_Prompt_
Transcribe every line of the material below without change, apart from dropping the pictures.

_Dataset section_
····················
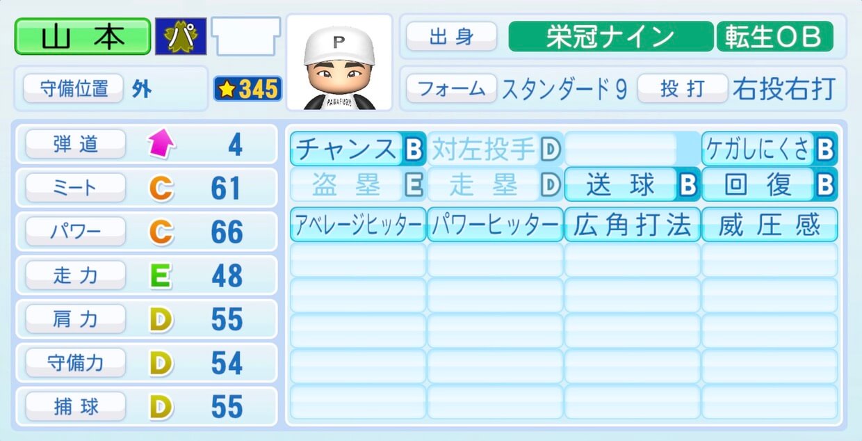 | 守備位置 | 弾道 | ミー | パワ | 走力 | 肩力 | 守備 | 捕球 |
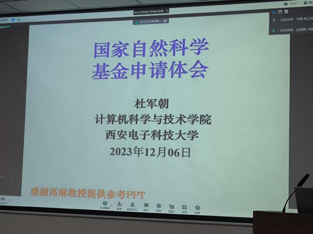 为进一步提升太阳成tyc234cc教师国家自然科学基金项目申报书的撰写质量,提高申报成功率,12月6日晚上,我院特邀西安电子科技大学二级教授、国家级人才、博导杜军朝教授在1号楼210会议室做了题为“国家自然科学基金项目申请体会”的专题辅导报告,学院拟申报自然科学基金的中青年教师、博士及2023级研究生40余人参加了报告会。
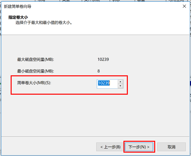 6. 指定卷的大小,点击“下一步”。
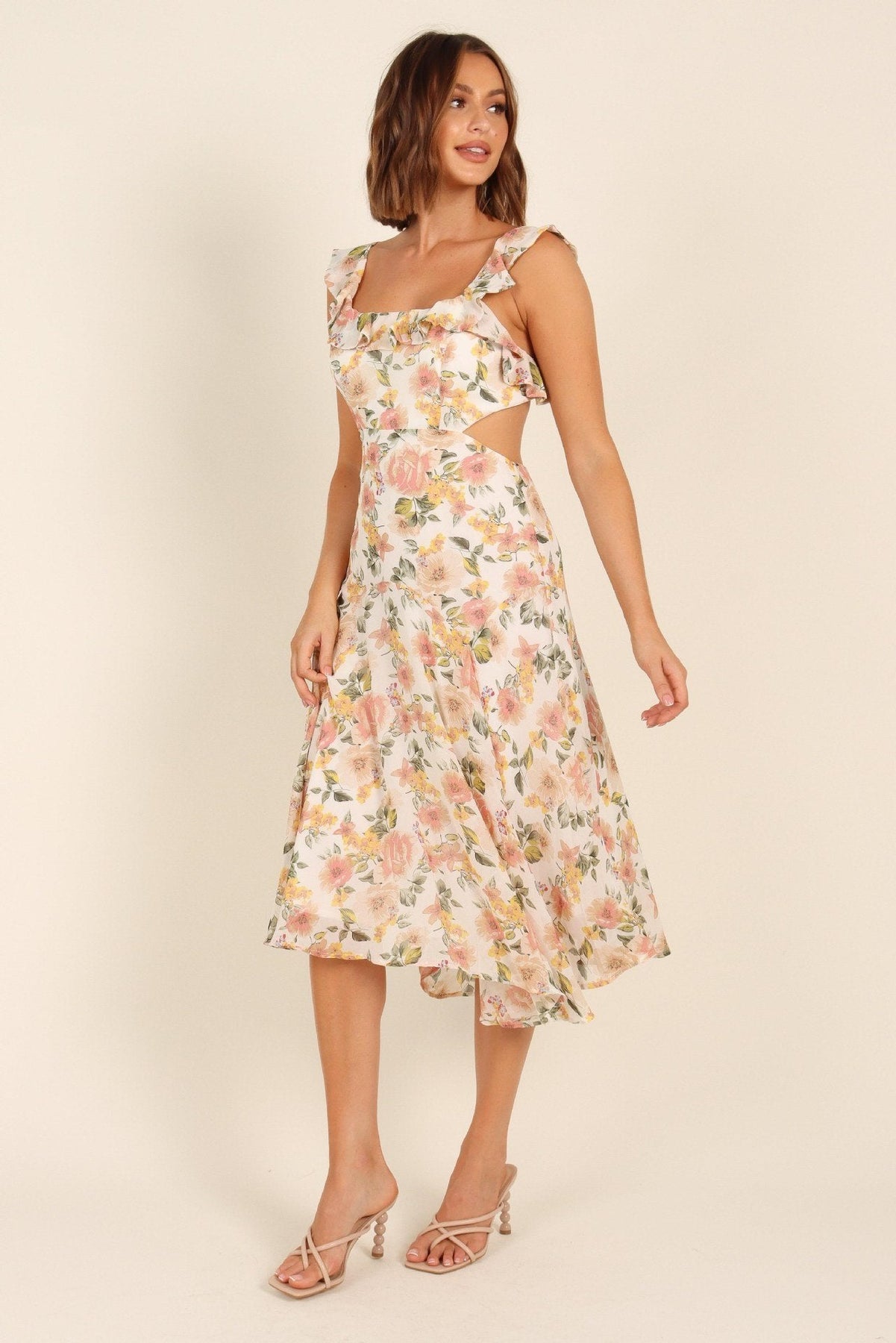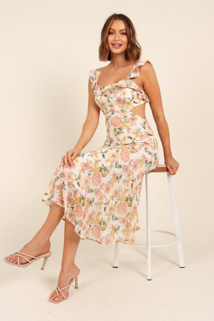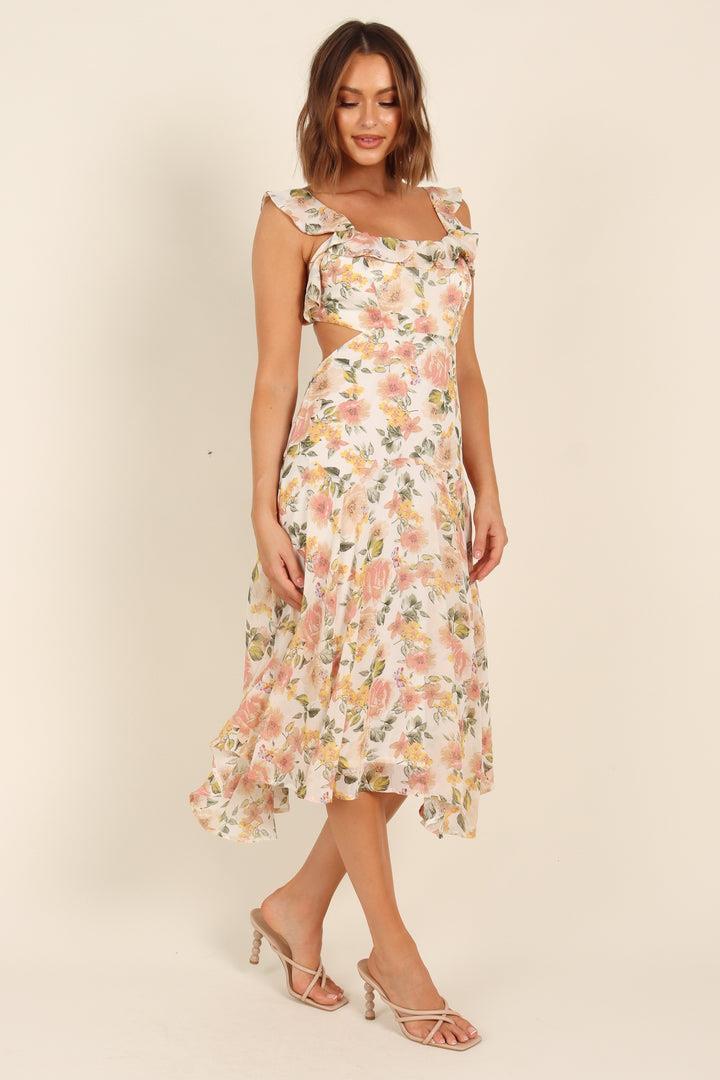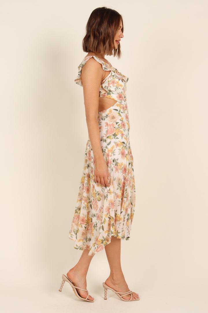 Emery - Ausgestelltes Midikleid mit geknoteten Rüschen
····················
_Solution below_
 | 守備位置 | 弾道 | ミー | パワ | 走力 | 肩力 | 守備 | 捕球 |
 为进一步提升太阳成tyc234cc教师国家自然科学基金项目申报书的撰写质量,提高申报成功率,12月6日晚上,我院特邀西安电子科技大学二级教授、国家级人才、博导杜军朝教授在1号楼210会议室做了题为“国家自然科学基金项目申请体会”的专题辅导报告,学院拟申报自然科学基金的中青年教师、博士及2023级研究生40余人参加了报告会。
 6. 指定卷的大小,点击“下一步”。
 Emery - Ausgestelltes Midikleid mit geknoteten Rüschen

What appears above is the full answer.